COLLECTED MATERIAL:
------------------------------------------------
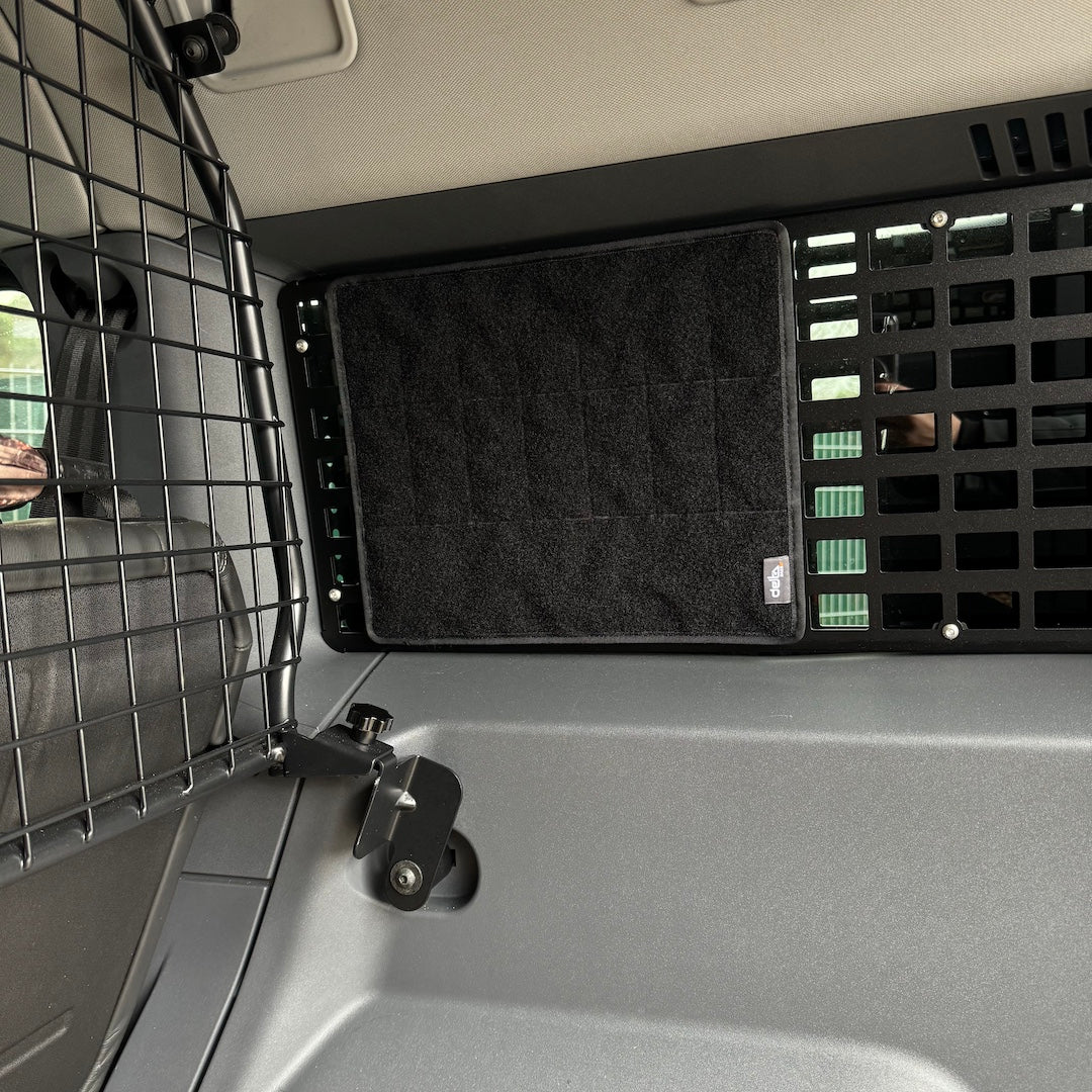 Dieser Klettadapter lässt sich einfach an die M.O.L.L.E. Panels für die Scheiben in den Seitenfenstern des INEOS Grenadier Laderaums einschlaufen und bietet mit der Flauschfläche die einfache Befestigung der delta BAGS.
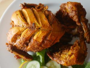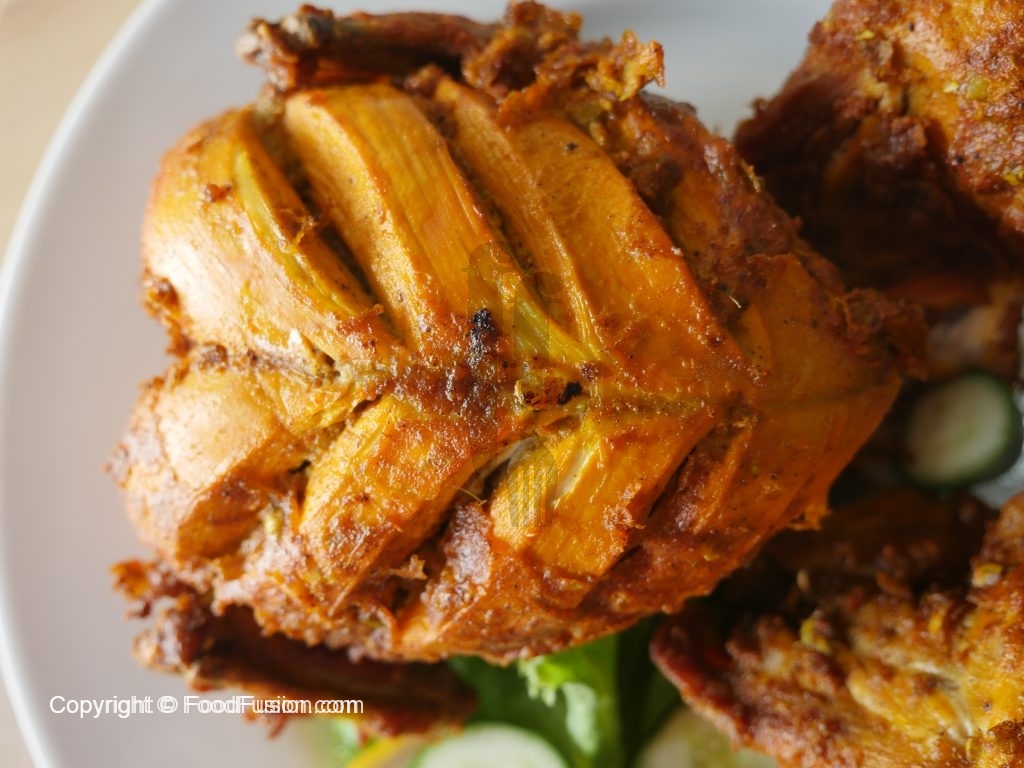 In wok,heat oil and deep fry whole chicken until golden brown.
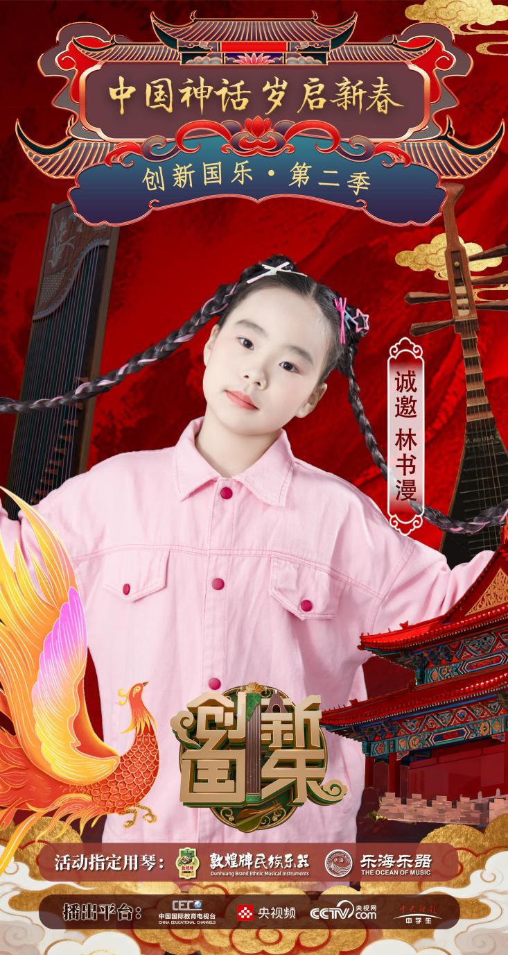 为持续推动中华优秀传统文化的创造性转化与创新性发展,打造具有时代气息的国乐精品,创新国乐第二季“中国神话 岁启新春”大型原创国乐盛典2026年2月8日在北京首钢园隆重启幕!在此,我们特别向学员林书漫发出正式演出邀请,期待她以更加成熟的技艺与表现力,与我们共同演绎华夏神话的壮丽诗篇。
------------------------------------------------
WHAT THE TASK ASKS: From the first line to the last, transcribe the listing exactly; skip the pictures.

ANSWER FOR THE TASK:
 Dieser Klettadapter lässt sich einfach an die M.O.L.L.E. Panels für die Scheiben in den Seitenfenstern des INEOS Grenadier Laderaums einschlaufen und bietet mit der Flauschfläche die einfache Befestigung der delta BAGS.
 In wok,heat oil and deep fry whole chicken until golden brown.
 为持续推动中华优秀传统文化的创造性转化与创新性发展,打造具有时代气息的国乐精品,创新国乐第二季“中国神话 岁启新春”大型原创国乐盛典2026年2月8日在北京首钢园隆重启幕!在此,我们特别向学员林书漫发出正式演出邀请,期待她以更加成熟的技艺与表现力,与我们共同演绎华夏神话的壮丽诗篇。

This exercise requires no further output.